### [Work order]
Nothing but the records themselves, exactly as written, should appear in the reply; leave out the pictures.

-------- Information shown

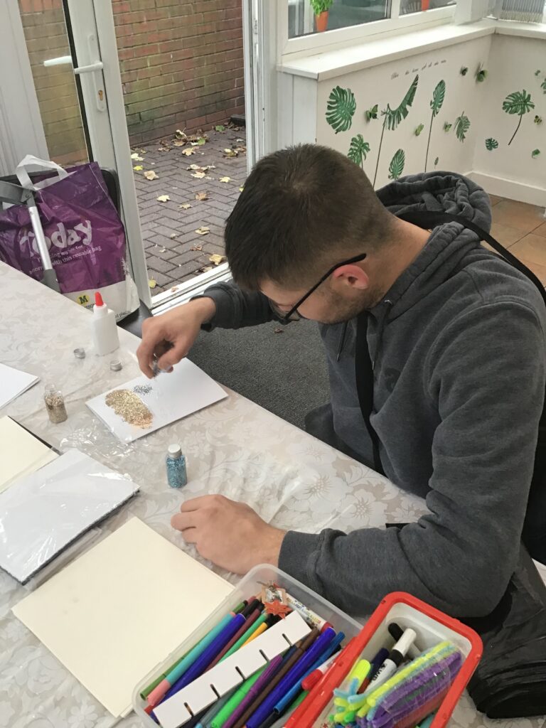Hyde Park House residents designed and decorated their own Christmas cards using pens, glitter, stickers and transfers. They sent these out to friends and family members who were delighted to receive them!
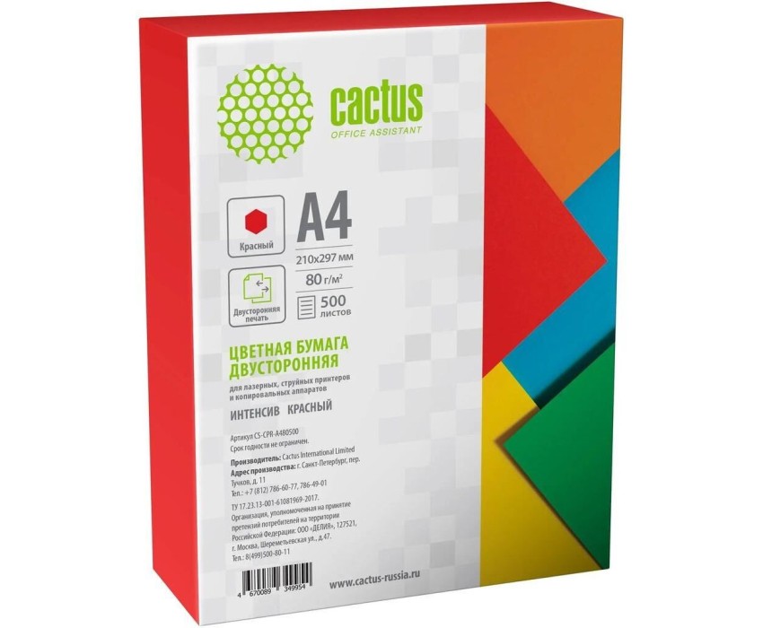 CACTUS Бумага CS-CPR-A480500 A4/80г/м2/500л./красный интенсив
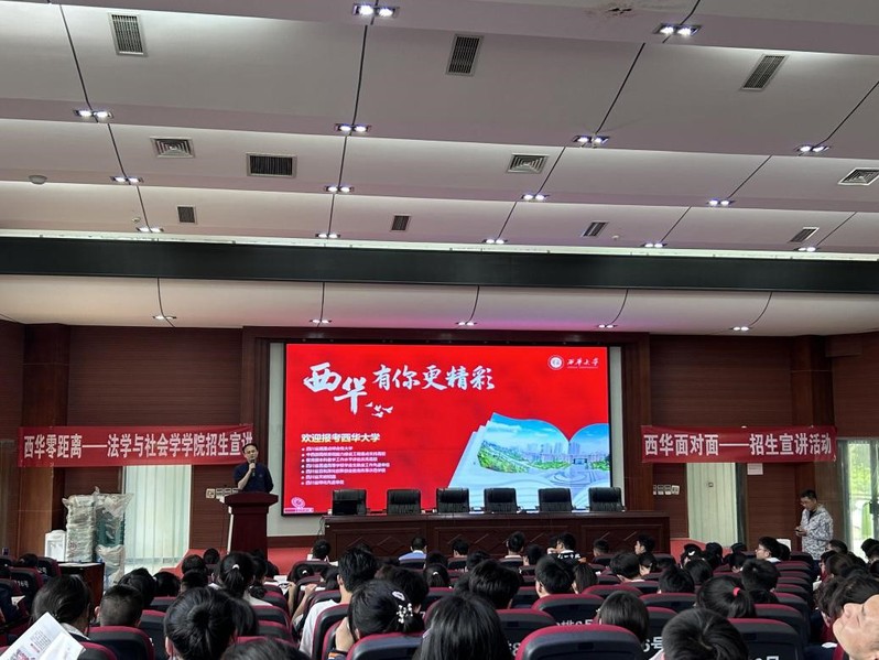 招生宣传是招生工作的重要组成部分,是提高学校知名度和生源质量的重要手段和基本保证。为更好地宣传我校及我院办学成就和人才培养特色,吸引更多的优秀学生关注和报考西华大学,5月22日法学与社会学院院长张邦铺一行四人前往眉山市仁寿一中开展2023年招生宣传工作。仁寿一中师生共计300余人参加了此次宣讲会。
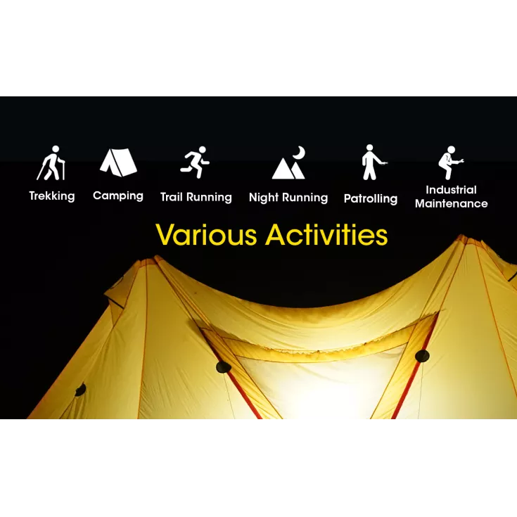 The headtorch also features a near-centre gravity bracket. This design allows for small rotation torque and short displacement when adjusting the headlamp. The bracket is adjustable to 72 degrees and can be adjusted upward quickly, avoiding direct lighting if needed.
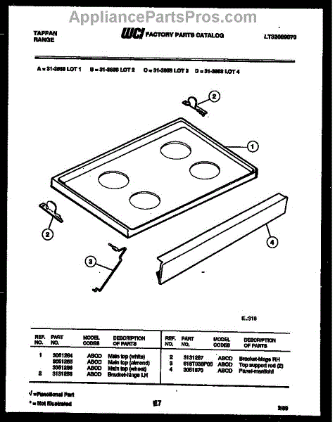 Parts for Frigidaire 31-3858-23-03: 04 - Cooktop Parts
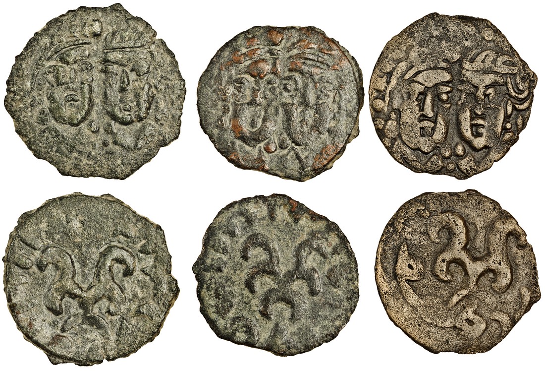 Central Asia, Chach / unknown principality 1 (c.7th -8th century), AE Drachms (3), two facing busts 'royal couple', rev. tamgha surrounded by legend (SK 5-1-1), very fine, exceptional for type (3)

----------------

### [Finished exercise]
Hyde Park House residents designed and decorated their own Christmas cards using pens, glitter, stickers and transfers. They sent these out to friends and family members who were delighted to receive them!
 CACTUS Бумага CS-CPR-A480500 A4/80г/м2/500л./красный интенсив
 招生宣传是招生工作的重要组成部分,是提高学校知名度和生源质量的重要手段和基本保证。为更好地宣传我校及我院办学成就和人才培养特色,吸引更多的优秀学生关注和报考西华大学,5月22日法学与社会学院院长张邦铺一行四人前往眉山市仁寿一中开展2023年招生宣传工作。仁寿一中师生共计300余人参加了此次宣讲会。
 The headtorch also features a near-centre gravity bracket. This design allows for small rotation torque and short displacement when adjusting the headlamp. The bracket is adjustable to 72 degrees and can be adjusted upward quickly, avoiding direct lighting if needed.
 Parts for Frigidaire 31-3858-23-03: 04 - Cooktop Parts
 Central Asia, Chach / unknown principality 1 (c.7th -8th century), AE Drachms (3), two facing busts 'royal couple', rev. tamgha surrounded by legend (SK 5-1-1), very fine, exceptional for type (3)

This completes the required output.